▶ **Exercise aim**: Some entries follow. Reproduce exactly the lines starting at the one with "Super hip deze" and stopping after the one with "I'm playing a".

▶ **Records for this task**:
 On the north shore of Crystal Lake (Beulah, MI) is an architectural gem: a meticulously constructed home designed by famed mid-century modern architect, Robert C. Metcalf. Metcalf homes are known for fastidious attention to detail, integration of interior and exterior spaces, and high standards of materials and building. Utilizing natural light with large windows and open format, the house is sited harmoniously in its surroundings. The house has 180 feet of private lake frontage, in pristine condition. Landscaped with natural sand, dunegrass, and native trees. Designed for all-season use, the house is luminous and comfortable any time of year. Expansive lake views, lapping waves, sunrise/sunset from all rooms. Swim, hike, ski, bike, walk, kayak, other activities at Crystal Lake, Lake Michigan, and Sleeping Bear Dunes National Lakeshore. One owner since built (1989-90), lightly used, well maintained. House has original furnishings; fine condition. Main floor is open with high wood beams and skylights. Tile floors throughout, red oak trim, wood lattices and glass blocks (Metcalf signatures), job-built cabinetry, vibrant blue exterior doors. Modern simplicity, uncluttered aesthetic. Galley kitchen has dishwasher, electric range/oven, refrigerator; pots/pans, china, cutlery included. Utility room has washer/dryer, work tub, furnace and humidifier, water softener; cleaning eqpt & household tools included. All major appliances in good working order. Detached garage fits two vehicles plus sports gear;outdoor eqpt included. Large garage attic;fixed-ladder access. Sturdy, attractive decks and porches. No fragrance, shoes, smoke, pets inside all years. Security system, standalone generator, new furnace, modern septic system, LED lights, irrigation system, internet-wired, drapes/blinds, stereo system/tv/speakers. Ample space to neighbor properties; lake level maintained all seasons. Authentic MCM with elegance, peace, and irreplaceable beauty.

...

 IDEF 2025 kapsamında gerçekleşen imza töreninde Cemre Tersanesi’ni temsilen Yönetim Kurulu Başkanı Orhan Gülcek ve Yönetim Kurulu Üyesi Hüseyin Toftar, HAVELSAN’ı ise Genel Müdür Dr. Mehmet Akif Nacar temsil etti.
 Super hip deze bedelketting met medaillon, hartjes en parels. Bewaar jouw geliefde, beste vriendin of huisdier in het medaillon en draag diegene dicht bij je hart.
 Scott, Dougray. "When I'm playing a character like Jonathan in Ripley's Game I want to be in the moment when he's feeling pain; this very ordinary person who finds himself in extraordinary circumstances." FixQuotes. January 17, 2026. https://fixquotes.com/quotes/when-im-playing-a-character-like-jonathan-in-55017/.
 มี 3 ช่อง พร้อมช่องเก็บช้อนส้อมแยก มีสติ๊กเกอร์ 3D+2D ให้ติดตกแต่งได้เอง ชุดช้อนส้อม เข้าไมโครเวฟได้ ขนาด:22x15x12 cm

▶ **Answer section**:
 Super hip deze bedelketting met medaillon, hartjes en parels. Bewaar jouw geliefde, beste vriendin of huisdier in het medaillon en draag diegene dicht bij je hart.
 Scott, Dougray. "When I'm playing a character like Jonathan in Ripley's Game I want to be in the moment when he's feeling pain; this very ordinary person who finds himself in extraordinary circumstances." FixQuotes. January 17, 2026. https://fixquotes.com/quotes/when-im-playing-a-character-like-jonathan-in-55017/.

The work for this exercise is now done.